A Geographic Information System is an organized collection of computer hardware, software, geographic data, personnel, and procedures designed to efficiently capture, store, hold, update, manage, manipulate, analyze, and display all forms of spatially referenced data for solving operational, management, and planning problems, and used to describe a place(s) of location in the County.
In its simpler form, a GIS is an electronic map used to display data based on its location; in its more complex form, it becomes a powerful analytical tool with millions of pieces of data that are related geographically and can be displayed in a format that allows the user to make the inter-relationships between that data visually understandable.
GIS allows you to:
Think about a place or feature... Ask questions about it ... Explore patterns that appear ... Enhance the data or modify the analysis ... Make a map or report ...
GIS is not "just mapping".
It is, instead, the ability to build maps "on the fly," showing what you want, and have data for, in the way you define.
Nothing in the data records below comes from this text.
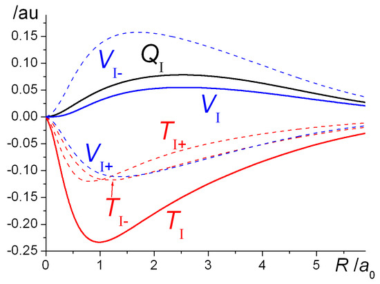 The interference density, ρI, being the difference between the molecular electron density and the sum of the constituent atom densities, reflects the charge rearrangement that occurs on bond formation (see Equations (6) and (7) and Figure 2, Figure 4 and Figure 5). As illustrated in the contour map in Figure 5, ρI consists of a region of positive values (ρ+) in the interatomic i.e., bond region and a region of negative values, the two separated by sheets of zero density. Integration of the charge density over the ρ+ region results in QI, the total electronic charge transferred into the bond. (Note that positive QI corresponds to charge build-up, i.e., the negative sign of the electronic charge is not taken into account). Integration of the analogous kinetic and electron/nuclei energy distributions yields TI+ and VI+ as well as VI+ and VI−, the sums of which result in the total kinetic and potential interference energies TI and VI. The former is equal to the interatomic kinetic energy Tinter, while Vinter includes a quasi-classical contribution in addition to the interference term, as given in Equation (16). The results of the integrations are summarized in Figure 7 that shows the internuclear distance dependence of the various terms discussed above.
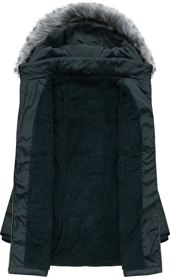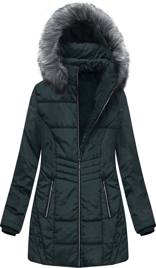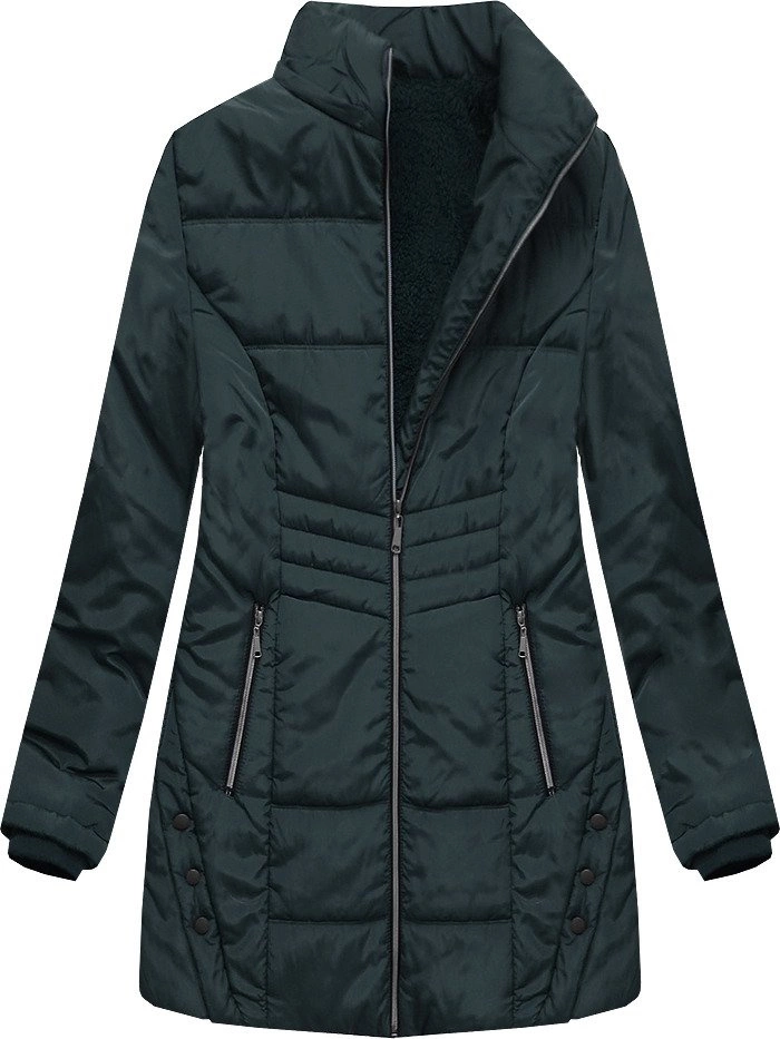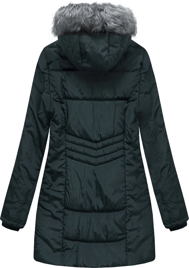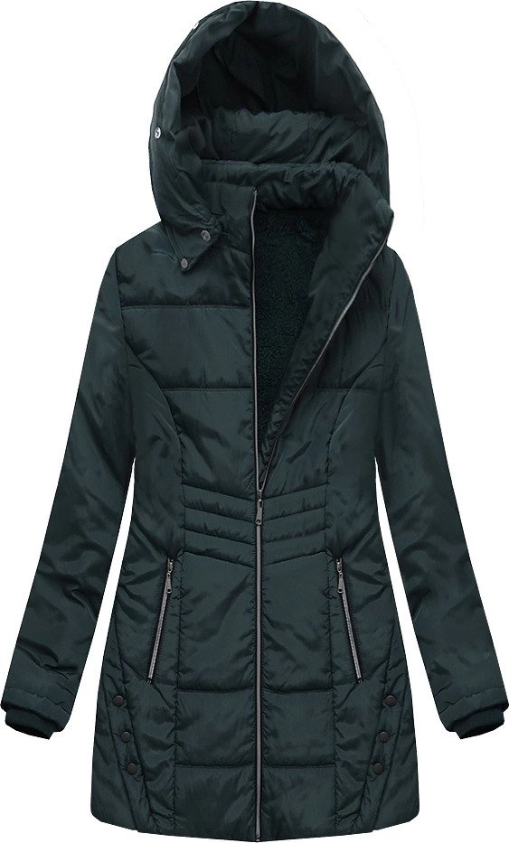 DŁUŻSZA PIKOWANA KURTKA Z KAPTUREM CIEMNOZIELONA (B2625-30)
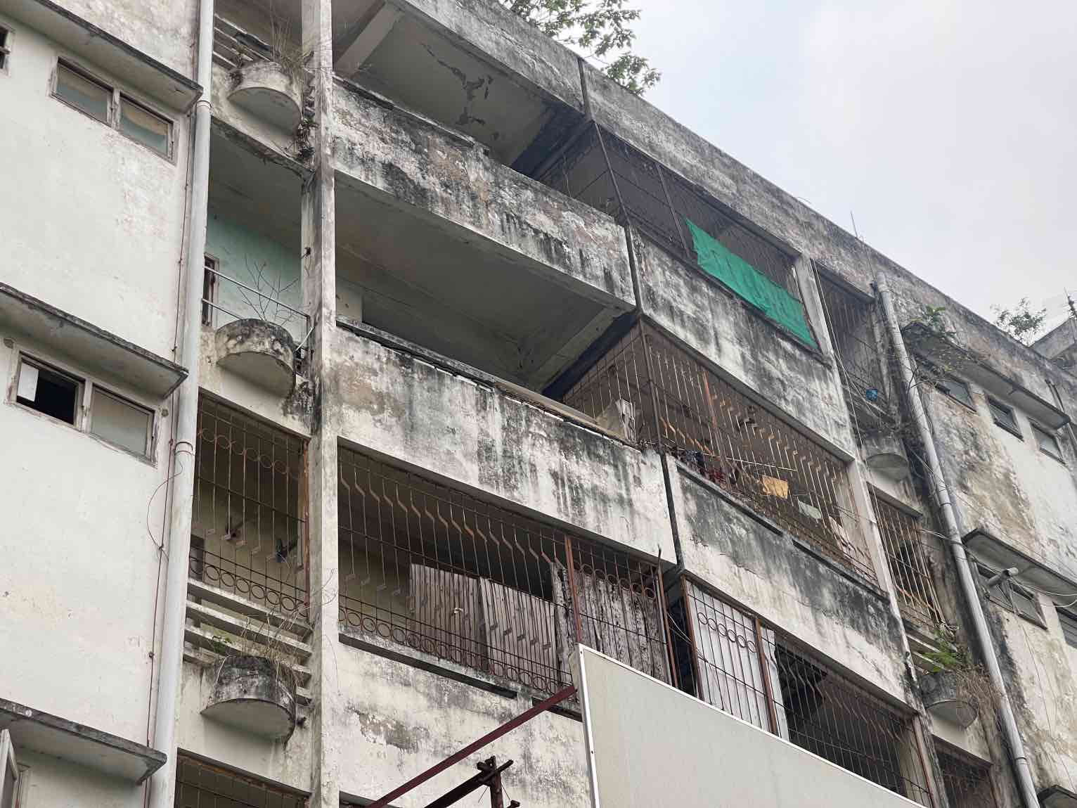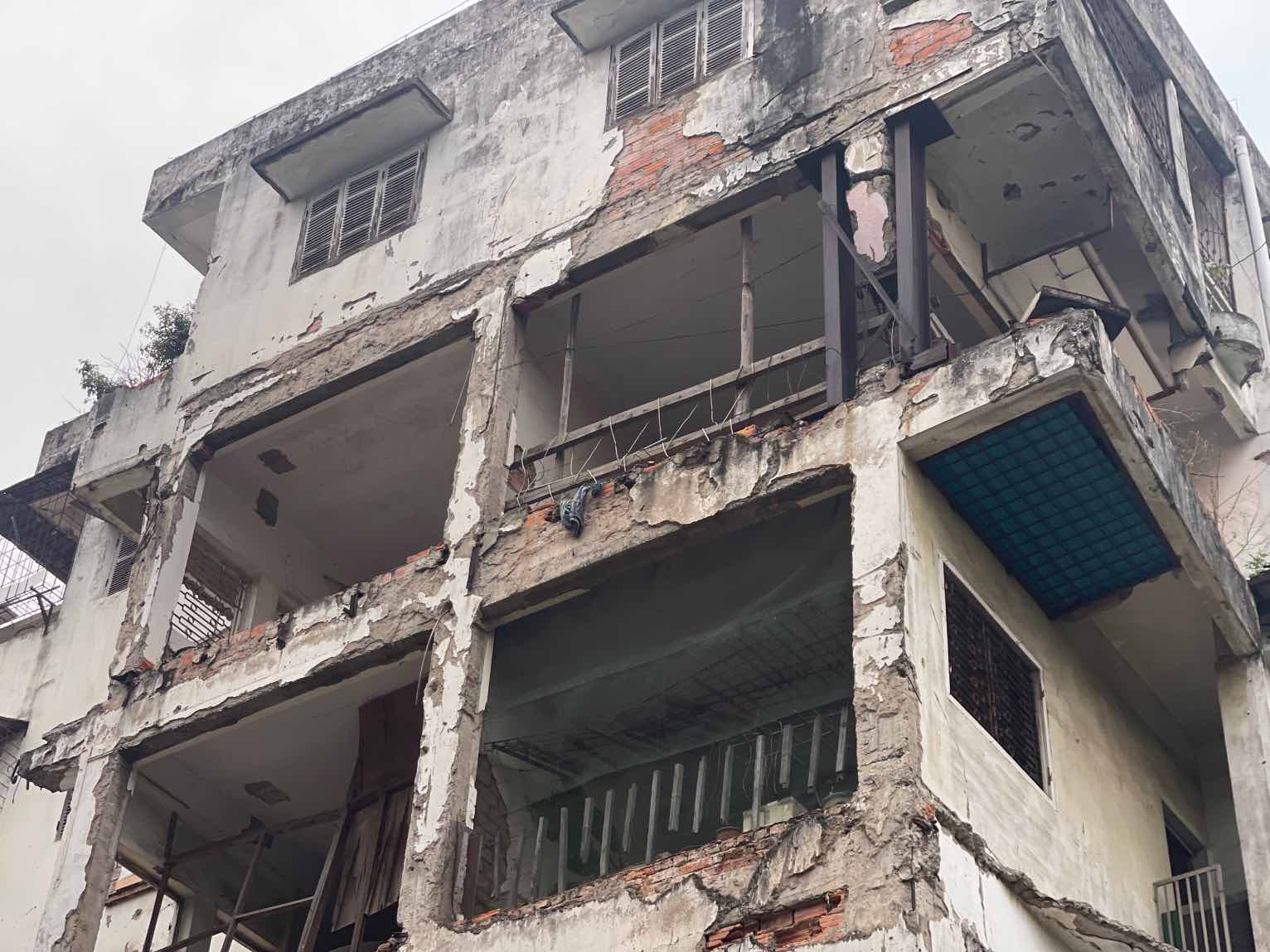 This apartment building is currently seriously degraded. The front part of block 1 collapsed, many concrete pillars are bent and tilted. Through inspection, city functional agencies have determined that the project is classified as class D dangerous house.

The software draws geographic features (or "where things are") and sets of attributes (or "what things are like"), processed according to rules you establish.
GIS is used to explore relationships between features distributed unevenly over space. Here's an example: Imagine you have a set of map transparencies about an area, one transparency for each feature type (land use, elevation, census, utilities, transportation corridors, soil types, etc.). You can overlay your transparencies, zoom to the desired scale, and ask questions that display relationships across the layers.
Examples of situations where GIS can help:
Does it make sense to put a fire station here or there?
Should school district boundaries go here or there?
Do we expand the existing airport here or build a new one there?
Will there be enough schools for students here in 10 years?
Which pockets of endangered environment should we protect?
What is the impact of released waste on local health patterns?
Are we adequately prepared to service the local and surrounding population in the event of various possible disasters?
GIS is a powerful tool that can aid us in making better decisions pertaining to our world.